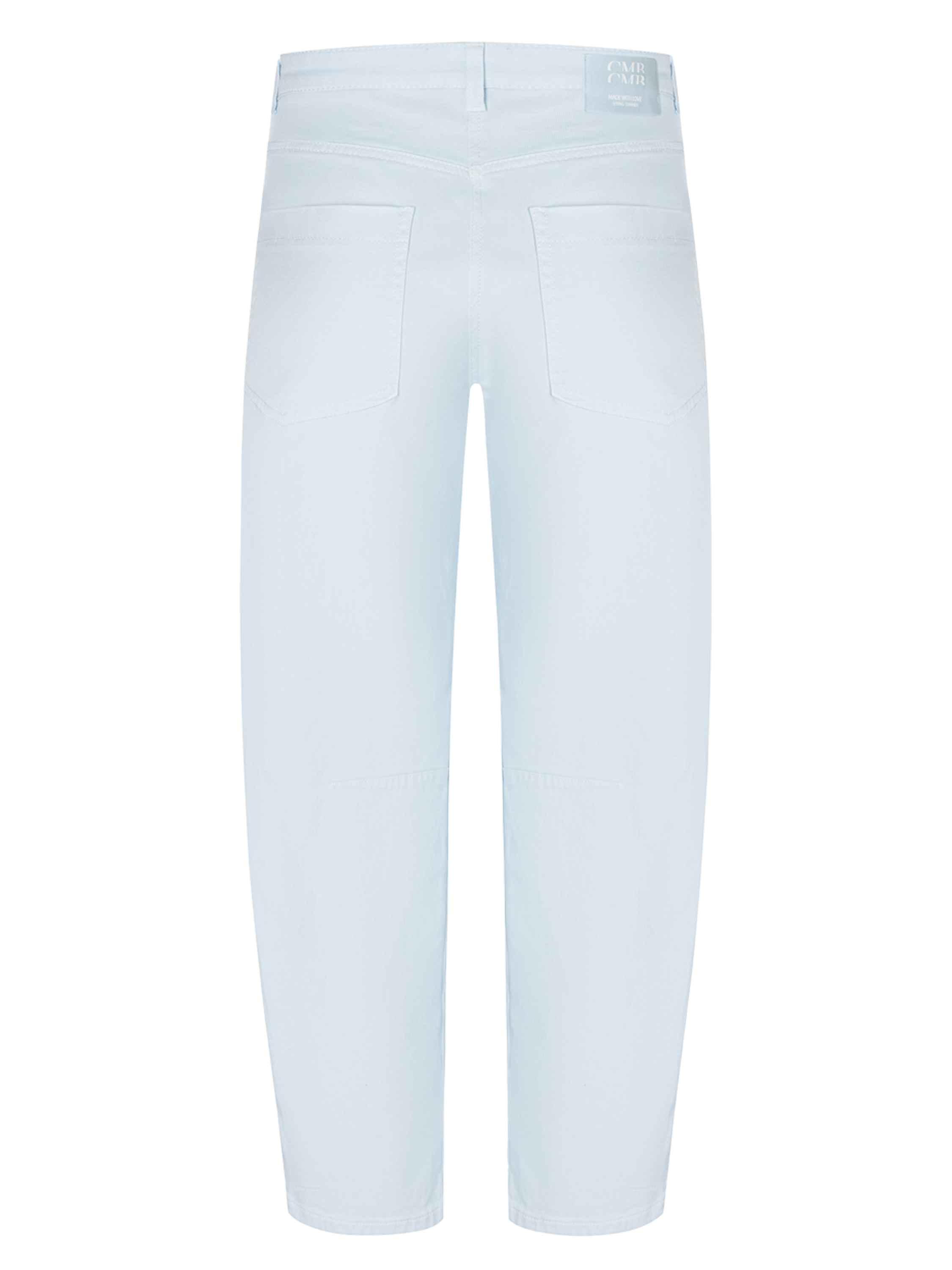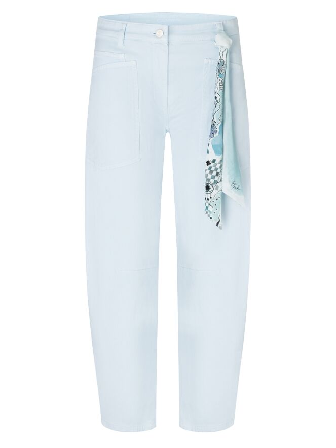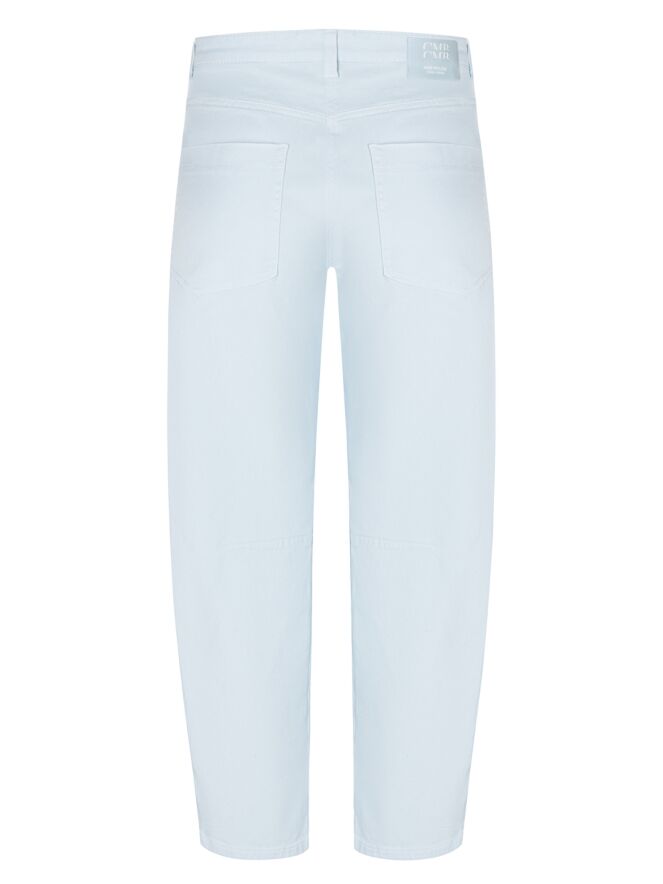 Trousers by Cambio in a light blue shade. The trousers are designed in a 5-pocket style, with straight-cut, deep front pockets. A seam detail is placed at knee level. These trousers can be washed at 30 degrees.
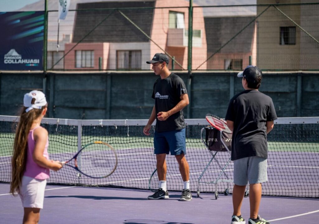 Con la participación de más de 80 niños y niñas, el Club de Tenis Chile fue escenario de una entretenida clínica deportiva, liderada por el destacado tenista iquiqueño Hanamichi Carvajal. El deportista es una joven promesa nacional, que actualmente combina el alto rendimiento en el deporte con su formación académica en Estados Unidos, gracias a una beca otorgada por Fundación Collahuasi desde 2022.
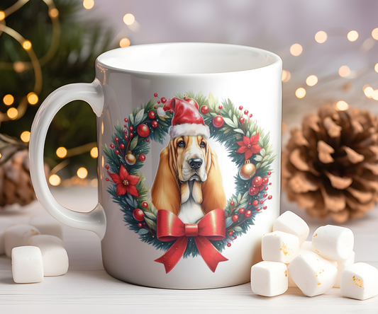 Personalised Basset Hound Dog Christmas Wreath Gift Mug
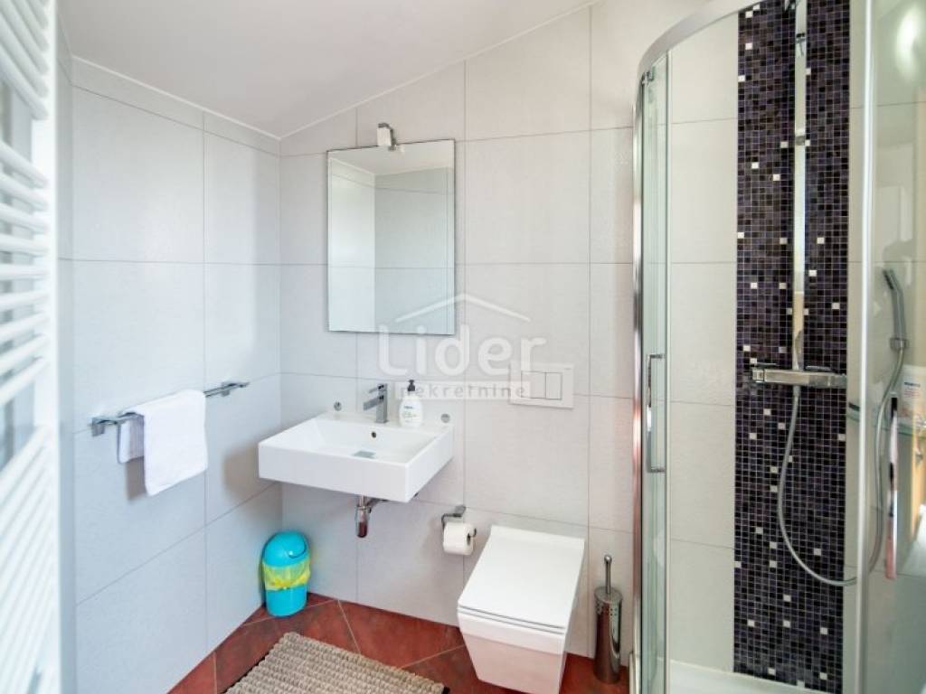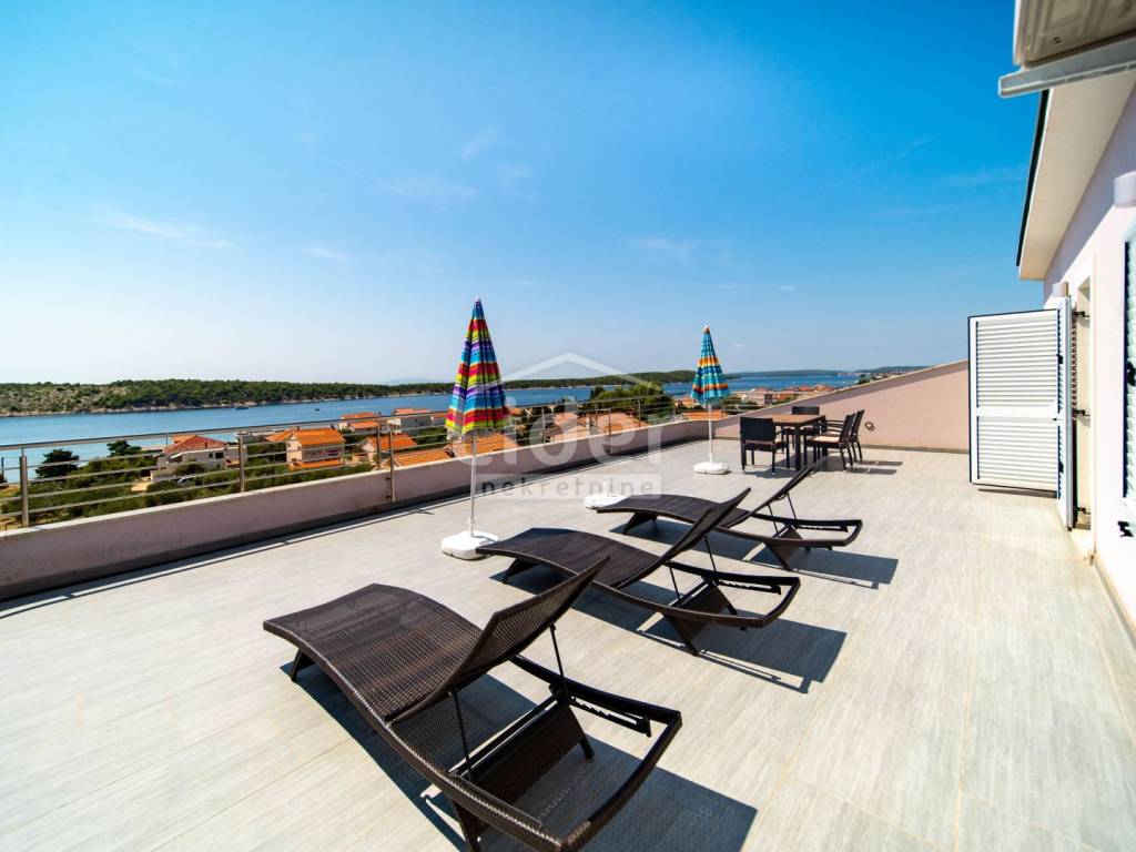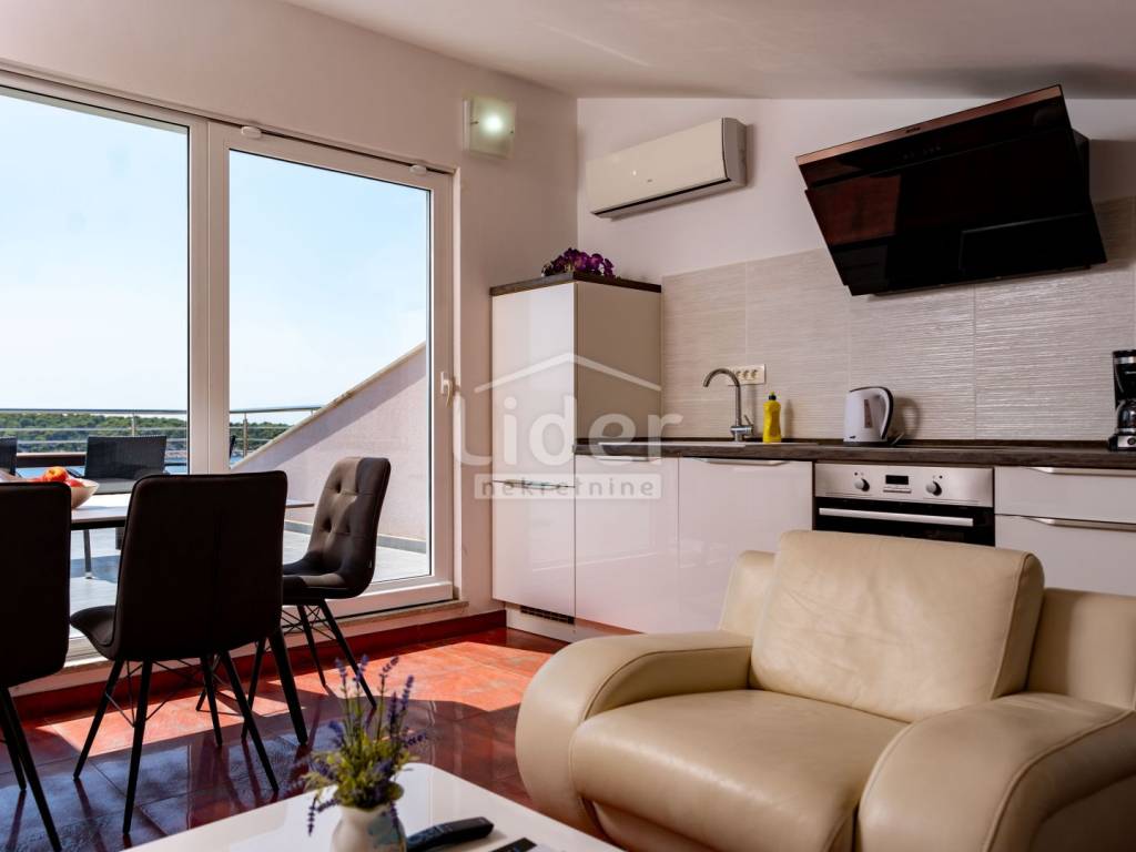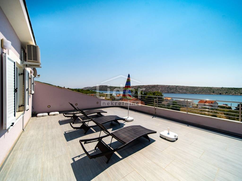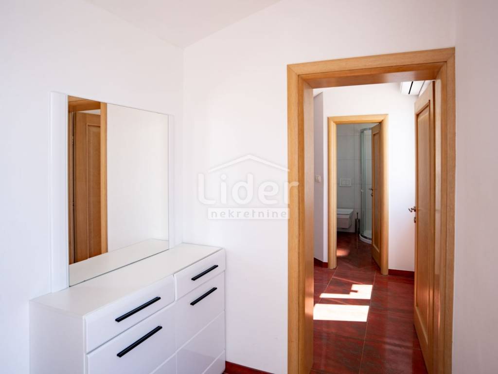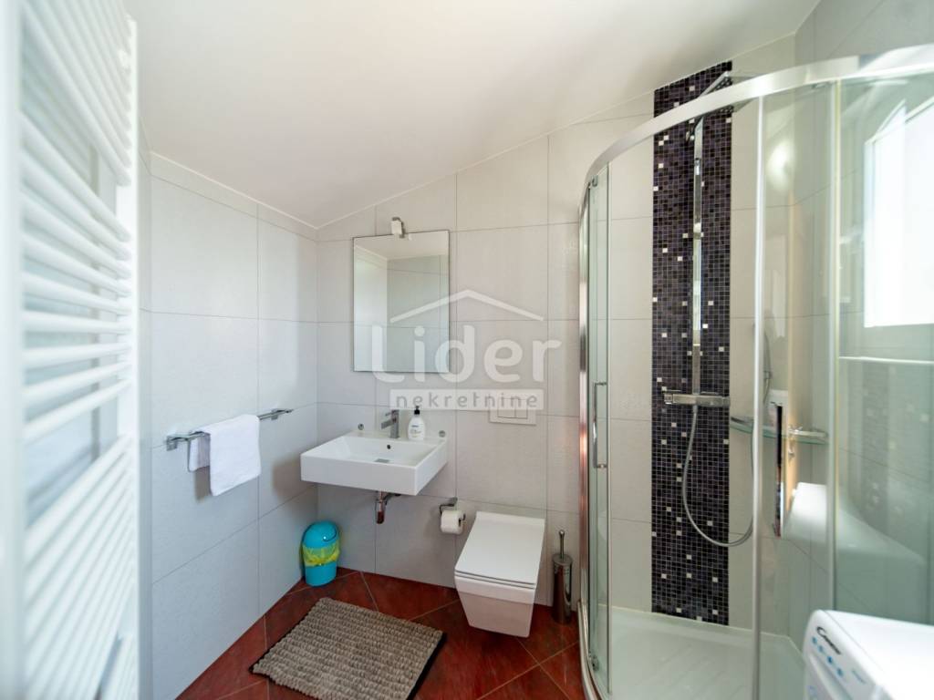 A two-story apartment for sale in Barbat on Rab. It is located on the second floor and in the attic. On the second floor there are two bedrooms, two bathrooms and a kitchen, dining room and living room. There are also two balconies with a wonderful view of the sea. In the attic there is another one-bedroom apartment with a huge terrace of about 60 m2. This terrace has a beautiful view of the sea and offers other outdoor opportunities. There The apartment is sold fully furnished with quality Italian furniture. It also has a small garden in the yard and a parking space. The apartment is located 200 meters from the beach and 5 km from the town of Rab. The building has three apartments.

•••••

Nothing but an exact copy of the data, without its images, should make up your answer.

 Trousers by Cambio in a light blue shade. The trousers are designed in a 5-pocket style, with straight-cut, deep front pockets. A seam detail is placed at knee level. These trousers can be washed at 30 degrees.
 Con la participación de más de 80 niños y niñas, el Club de Tenis Chile fue escenario de una entretenida clínica deportiva, liderada por el destacado tenista iquiqueño Hanamichi Carvajal. El deportista es una joven promesa nacional, que actualmente combina el alto rendimiento en el deporte con su formación académica en Estados Unidos, gracias a una beca otorgada por Fundación Collahuasi desde 2022.
 Personalised Basset Hound Dog Christmas Wreath Gift Mug
 A two-story apartment for sale in Barbat on Rab. It is located on the second floor and in the attic. On the second floor there are two bedrooms, two bathrooms and a kitchen, dining room and living room. There are also two balconies with a wonderful view of the sea. In the attic there is another one-bedroom apartment with a huge terrace of about 60 m2. This terrace has a beautiful view of the sea and offers other outdoor opportunities. There The apartment is sold fully furnished with quality Italian furniture. It also has a small garden in the yard and a parking space. The apartment is located 200 meters from the beach and 5 km from the town of Rab. The building has three apartments.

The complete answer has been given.